Сэр
Шрифт:
Он верил в Бога, он считал, что, если нету Бога и нету того мира, так это слишком плохо, представить себе нельзя. Это было не так. Он верил, но можно ли веру доказывать?.. Я вам расскажу историю про Бога. Был в Германии граф Цинцендорф. Цинцендорф. Он был один из этих муравьевых братьев, о которых Толстой пишет. Из муравьевых братьев, в Моравии. В Моравии были эти полумистические христианские секты, из которых методизм и баптизм, все эти движения оттуда идут. Он сказал очень острую вещь: “Человек, который доказывает существование Бога рациональным путем, атеист…”

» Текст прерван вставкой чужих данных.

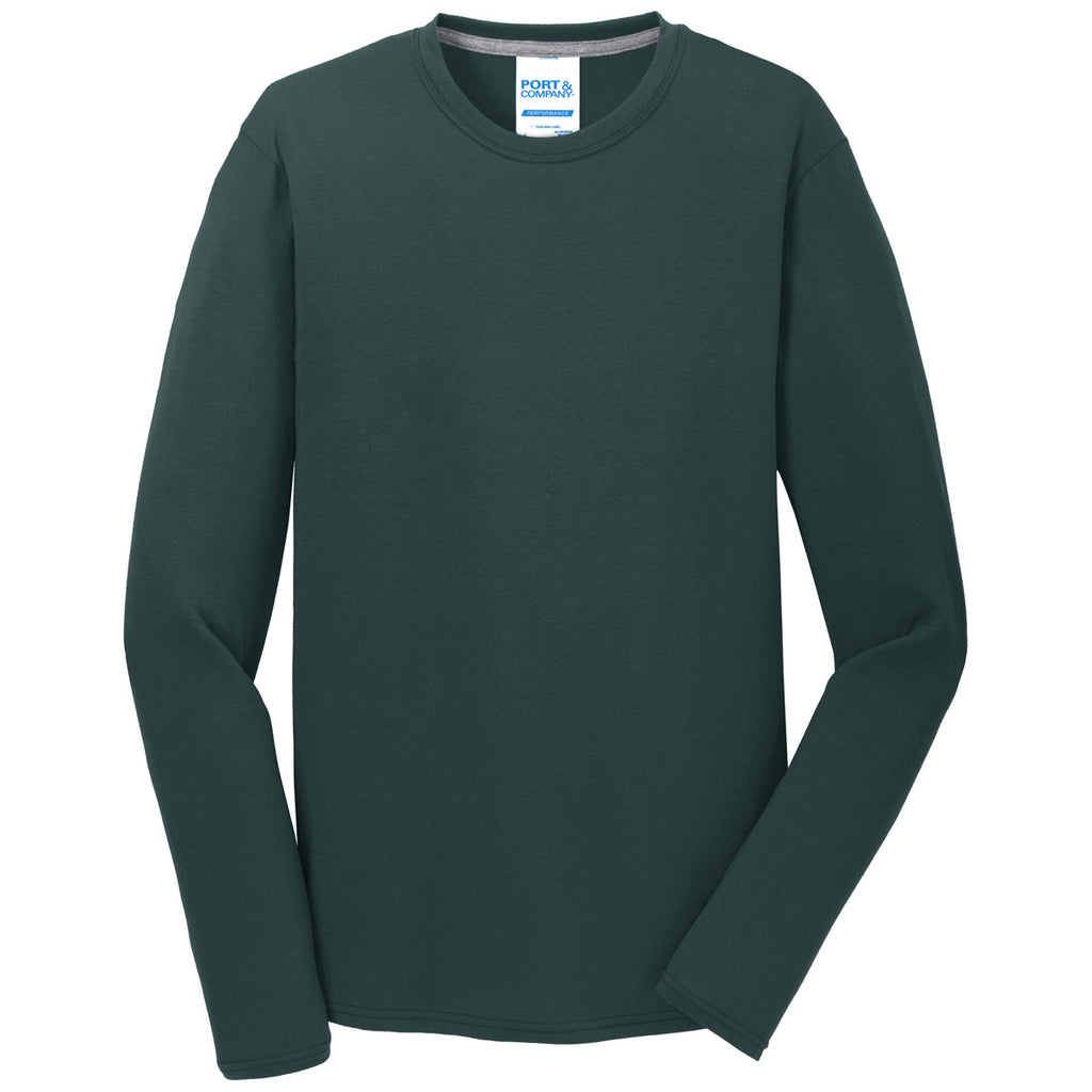 Port & Company Men's Dark Green Long Sleeve Performance Blend Tee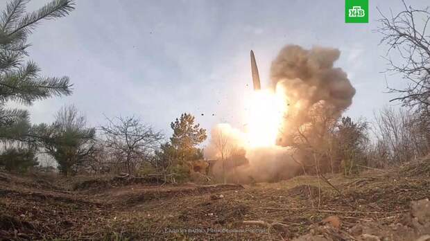 Минобороны России опубликовало кадры удара ракетного комплекса «Искандер» по ангарам с военной техникой и боеприпасами ВСУ.
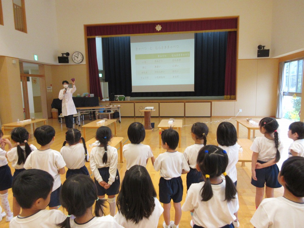 毎日おいしい給食を作ってくれるウェルビーフードシステムから、今年もお兄さん先生が来てくださり、『食育講座』を行いました。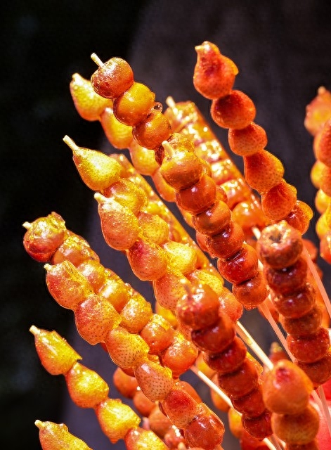 8. 楂糖葫芦:楂糖葫芦是河北地区的传统美食,以串上果脯、山楂、草莓等果实,涂上糖浆而制成,口感酸甜可口。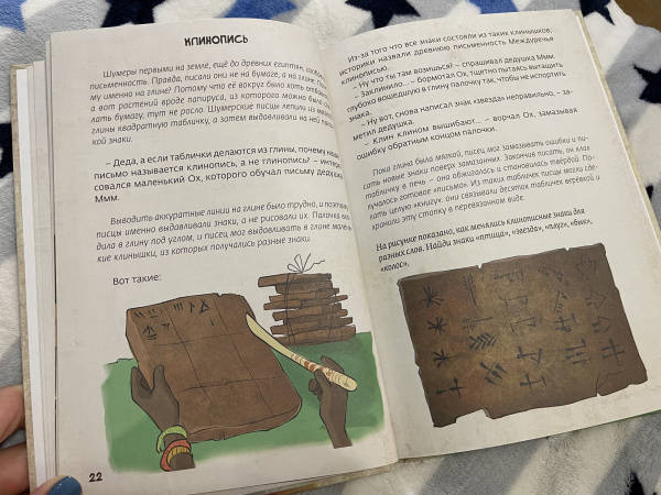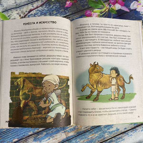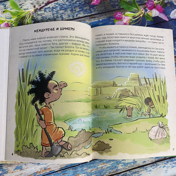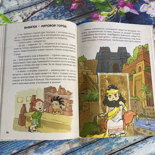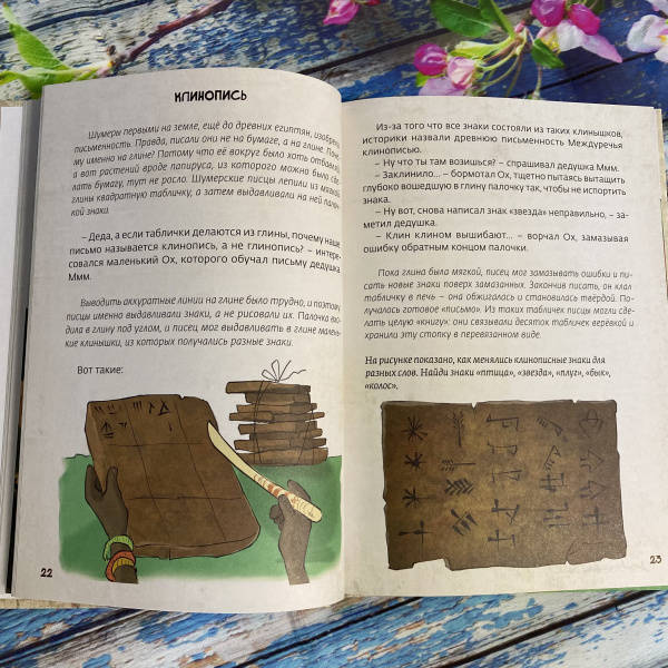 ОписаниеПеред вами третья книга серии "Истории об истории". Её герои - находчивый крестьянин Ух, его жена Ах, их многочисленные дети, родственники и соседи - живут в Междуречье, древней стране, которая дала миру много удивительных изобретений и открытий. Несколько тысячелетий назад здесь впервые научились использовать колесо, наблюдать за звездами и планетами, сочинили великие поэмы и приняли самые совершенные на тот момент законы. Игровые задания на страницах книги сделают путешествие читателя в глубины истории ещё увлекательнее. Книга предназначена для дошкольников и младших школьников.Перед вами третья книга серии "Истории об истории". Её герои - находчивый крестьянин Ух, его жена Ах, их многочисленные дети, родственники и соседи - живут в Междуречье, древней стране, которая дала миру много удивительных изобретений и открытий. Несколько тысячелетий назад здесь впервые научились использовать колесо, наблюдать за звездами и планетами, сочинили великие поэмы и приняли самые совершенные на тот момент законы. Игровые задания на страницах книги сделают путешествие читателя в глубины истории ещё увлекательнее. Книга предназначена для дошкольников и младших школьников.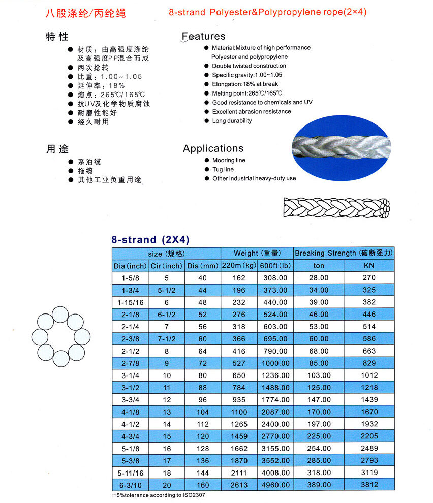 聚酯混合繩是由高強度聚酯絲和高強度丙綸絲混合製成的。聚酯纖維的耐高溫性能和高熔點使得繩子具備極佳的耐磨性和防靜電能力;丙綸絲降低了繩子的比重,使得繩子可以浮於水面。引進德國技術,其產品編織結構合理、工藝科學、具有高強力、低伸長、耐磨損、操作簡便等優點.主要用於各類船舶配備,漁業捕撈、港口裝卸、電力施工、石油勘探、體育用品、國防科學研究等領域。 在結構上,滌丙混合纜繩可以做成八股或十二股,也可以依需求做成3股,6股,24股,48股等雙編結構,用途非常廣泛,性價比極高。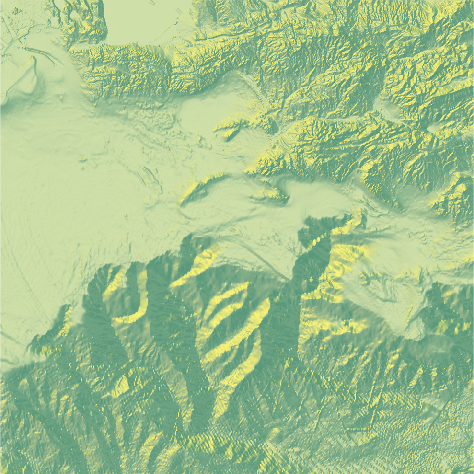 Cette méthode simple de hillshading (dite lambertienne) peut être combinée avec les fonctions ray_shade() qui permet de calculer les ombrage par ray tracing et ambient_shade() qui permet de calculer les ombres liées à la diffusion de la lumière par l’atmophère3.
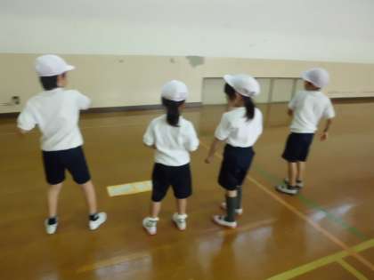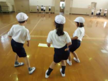 体育の学習では,リズムに合わせて体を動かす学習をしました。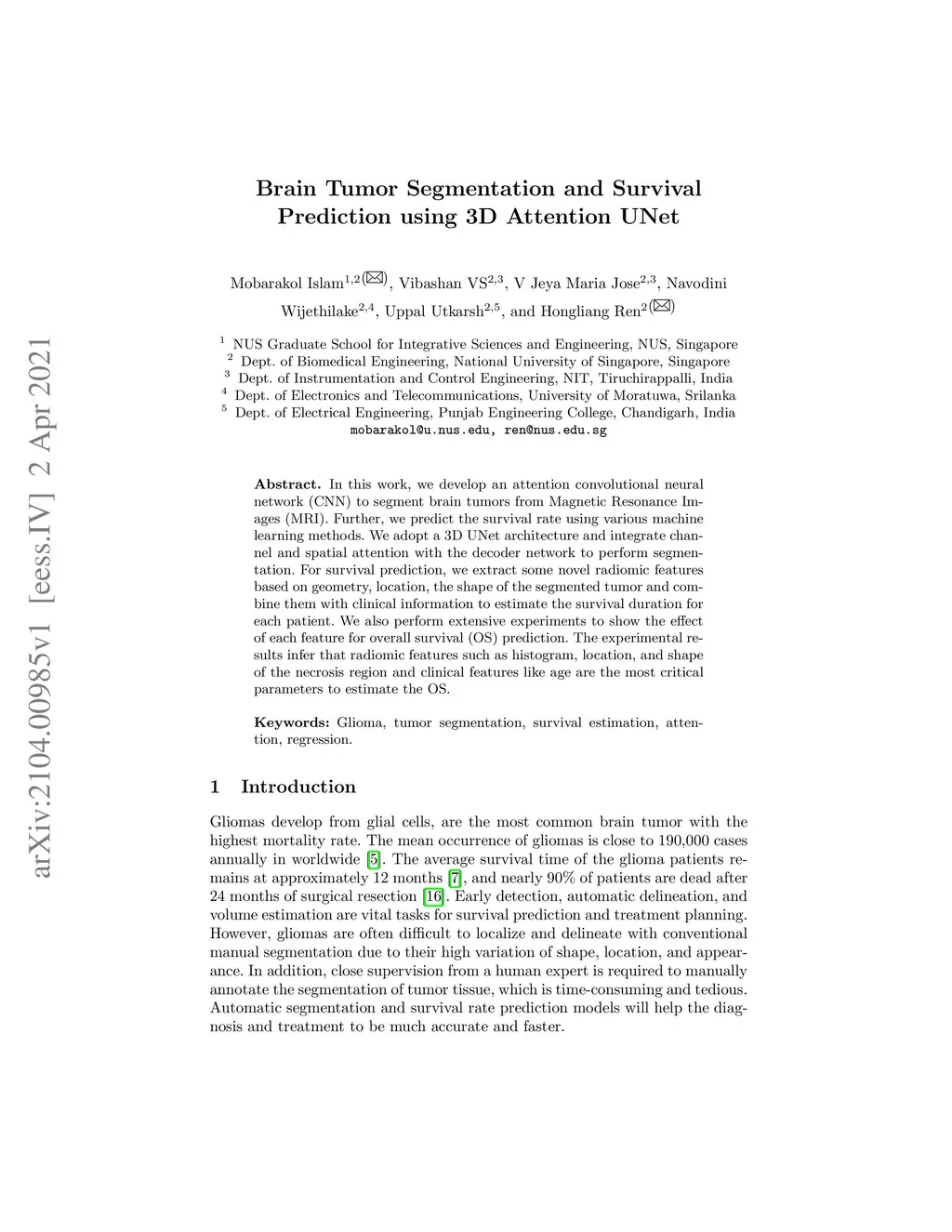 In this work, we develop an attention convolutional neural network (CNN) to segment brain tumors from Magnetic Resonance Images (MRI). Further, we predict the survival rate using various machine learning methods. We adopt a 3D UNet architecture and integrate channel and spatial attention with the decoder network to perform segmentation. For survival prediction, we extract some novel radiomic features based on geometry, location, the shape of the segmented tumor and combine them with clinical information to estimate the survival duration for each patient. We also perform extensive experiments to show the effect of each feature for overall survival (OS) prediction. The experimental results infer that radiomic features such as histogram, location, and shape of the necrosis region and clinical features like age are the most critical parameters to estimate the OS.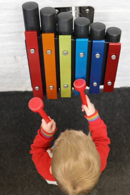 Dieses kleine und kompakte Freiluftnstrument ist ideal, um mit Tönen und Tonhöhen (hoch/tief, laut/leise, schnel /langsam) und anderen musikalischen Kontrasten zu experimentieren.

Еще про Канта. Кант был первый, кто сказал, более или менее получилось у него, что Добро и Зло – не только Добро и Зло, но и, как это сказать Right and Wrong – по-русски
– Не очень.
– Но в этом есть нужда, Right and Wrong, это есть на всех языках,- но, может быть, нет по-русски. You must do what is right – вы должны делать то, что правильно, но в каком отношении правильно? Как вы скажете? Морально правильно?.. Во всяком случае: Кант сказал все эти вещи: правильно – неправильно, всякий человек знает, это написано у него в душе, для этого не нужно иметь представлений, это абсолютно, и каждый человек живет под этим и знает, что он живет под этим. Никто раньше этого не говорил. Раньше говорили, что это имеет какое-то отношение к добру и злу. Он сказал: нет, не то”.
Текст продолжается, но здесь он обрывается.